─── Given entries

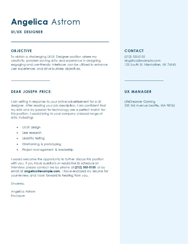 A cover letter must be engaging just like any other section while selecting good resume templates. The template above is free, attractive, and will help in the last minutes of curating an application for a job. Click to browse.
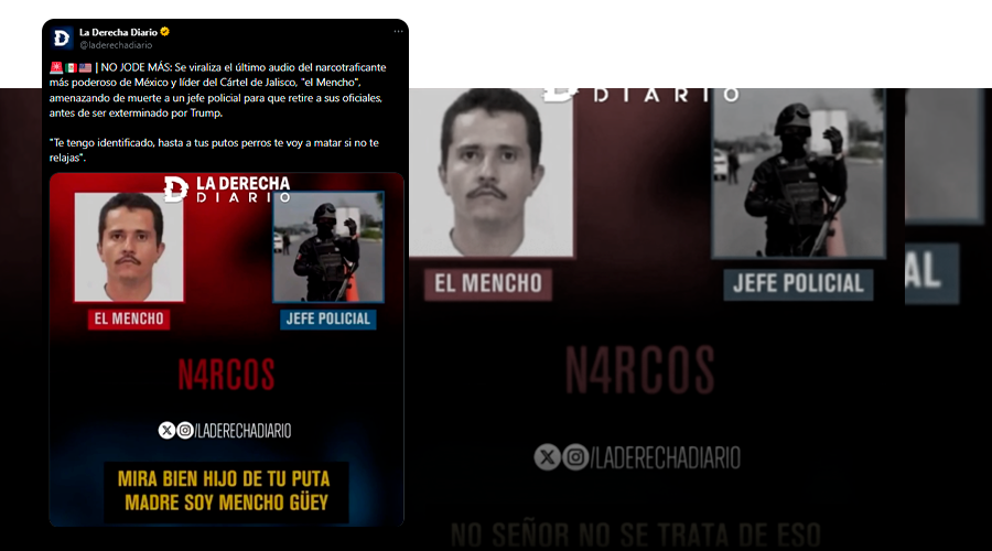 Una de las publicaciones afirma: “NO JODE MÁS: Se viraliza el último audio del narcotraficante más poderoso de México y líder del Cártel de Jalisco, "el Mencho", amenazando de muerte a un jefe policial para que retire a sus oficiales, antes de ser exterminado por Trump. "Te tengo identificado, hasta a tus putos perros te voy a matar si no te relajas" (sic).
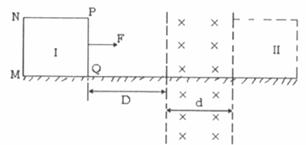 ,开始时放在光滑绝缘水平板上“I”位置,现用一水平向右的恒力F=0.8N拉线框,使其向右穿过磁场区,最后到达“II’’位置(MN边恰好出磁场)。设线框平面在运动中始终保持在竖直平面内,PQ边刚进入磁场后线框恰好做匀速运动。试求:
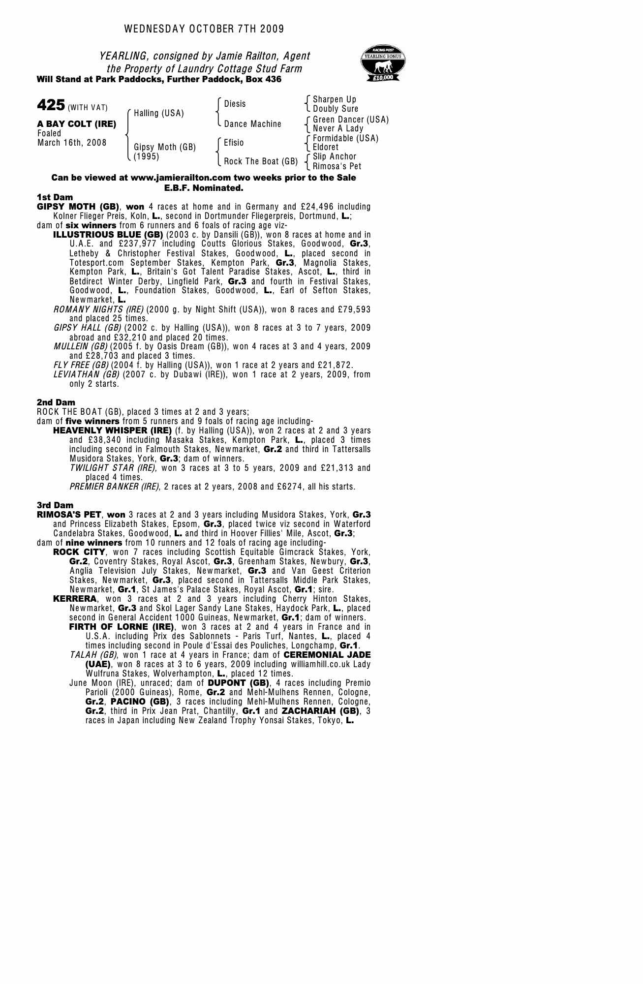 December Foal Sale 2004 lot 845 F. 2004, Jamie Railton, Agent=>Damian Burns 20,000 gns
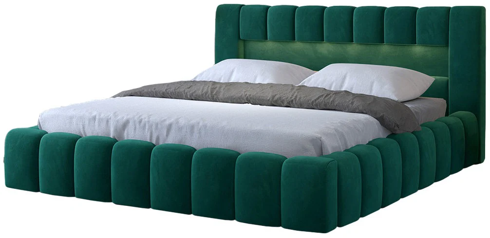 Łóżko LAMICA 180 x 200 Tkanina Monolith 37 Zielone Oświetlenie LED Stelaż Pojemnik Na Pościel
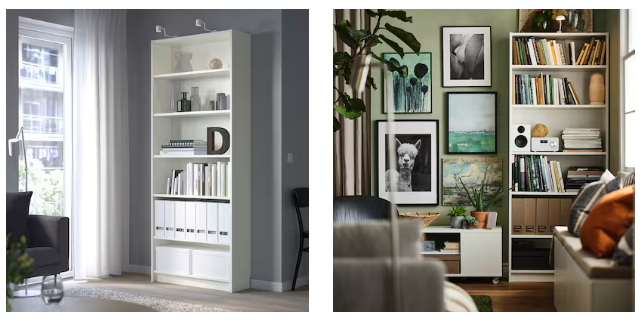 BILLY 책장 이건 뭐 설명이 필요 없을 만큼 유용해요. 다양한 크기와 컬러 옵션 덕분에 서재나 거실 인테리어에 딱이에요.
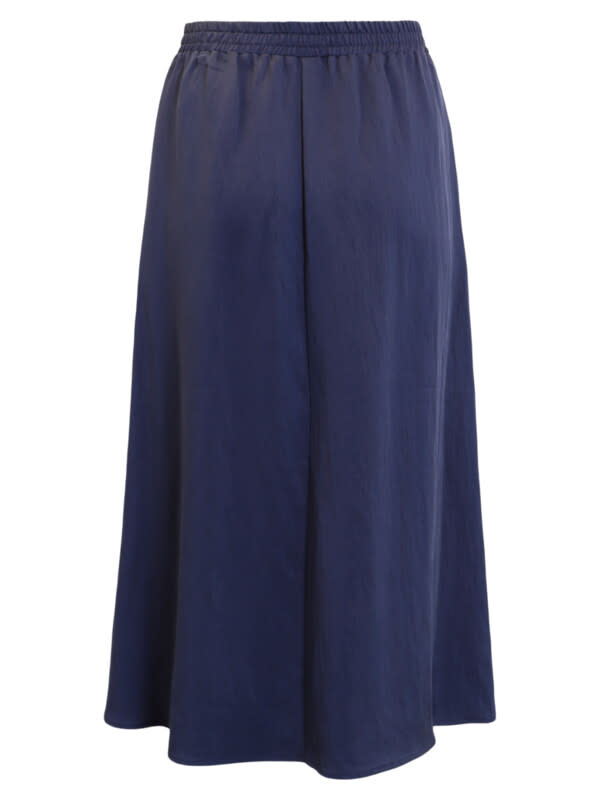 Deze rok met een elastische boord en steekzakjes loopt wat wijd uit en heeft siernaden op het voorpand. De rok is verkrijgbaar in de kleuren Nomad en Navy.
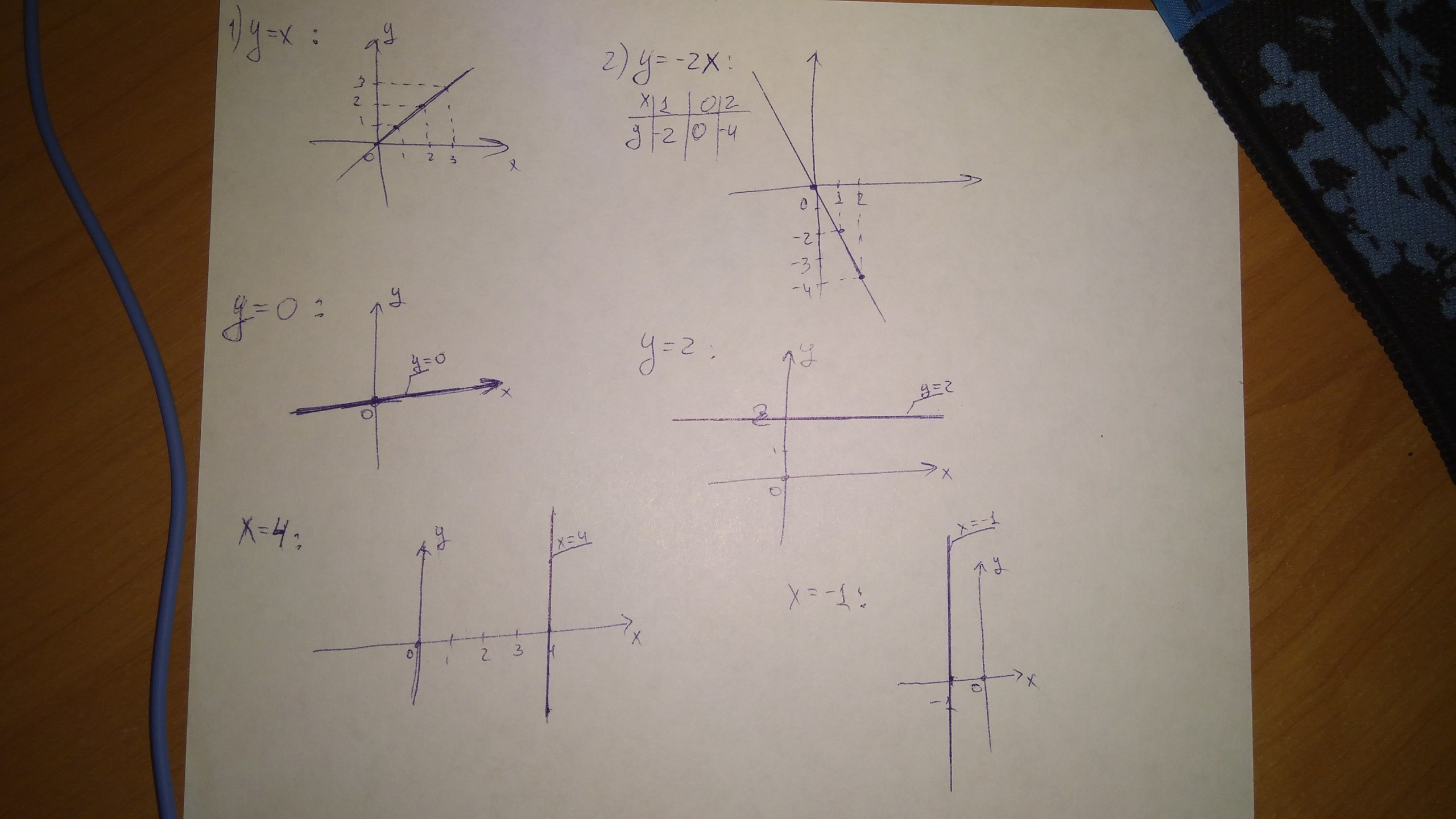 Постройте график функции у=х, у=-2х, у=2х+3. Что является графиком уравнение у=0, у=2, х=0, х=4, х=-1?

──────

● Work required: Print the data above in full and exactly as it appears, skipping the pictures.

● Task result:
 A cover letter must be engaging just like any other section while selecting good resume templates. The template above is free, attractive, and will help in the last minutes of curating an application for a job. Click to browse.
 Una de las publicaciones afirma: “NO JODE MÁS: Se viraliza el último audio del narcotraficante más poderoso de México y líder del Cártel de Jalisco, "el Mencho", amenazando de muerte a un jefe policial para que retire a sus oficiales, antes de ser exterminado por Trump. "Te tengo identificado, hasta a tus putos perros te voy a matar si no te relajas" (sic).
 ,开始时放在光滑绝缘水平板上“I”位置,现用一水平向右的恒力F=0.8N拉线框,使其向右穿过磁场区,最后到达“II’’位置(MN边恰好出磁场)。设线框平面在运动中始终保持在竖直平面内,PQ边刚进入磁场后线框恰好做匀速运动。试求:
 December Foal Sale 2004 lot 845 F. 2004, Jamie Railton, Agent=>Damian Burns 20,000 gns
 Łóżko LAMICA 180 x 200 Tkanina Monolith 37 Zielone Oświetlenie LED Stelaż Pojemnik Na Pościel
 BILLY 책장 이건 뭐 설명이 필요 없을 만큼 유용해요. 다양한 크기와 컬러 옵션 덕분에 서재나 거실 인테리어에 딱이에요.
 Deze rok met een elastische boord en steekzakjes loopt wat wijd uit en heeft siernaden op het voorpand. De rok is verkrijgbaar in de kleuren Nomad en Navy.
 Постройте график функции у=х, у=-2х, у=2х+3. Что является графиком уравнение у=0, у=2, х=0, х=4, х=-1?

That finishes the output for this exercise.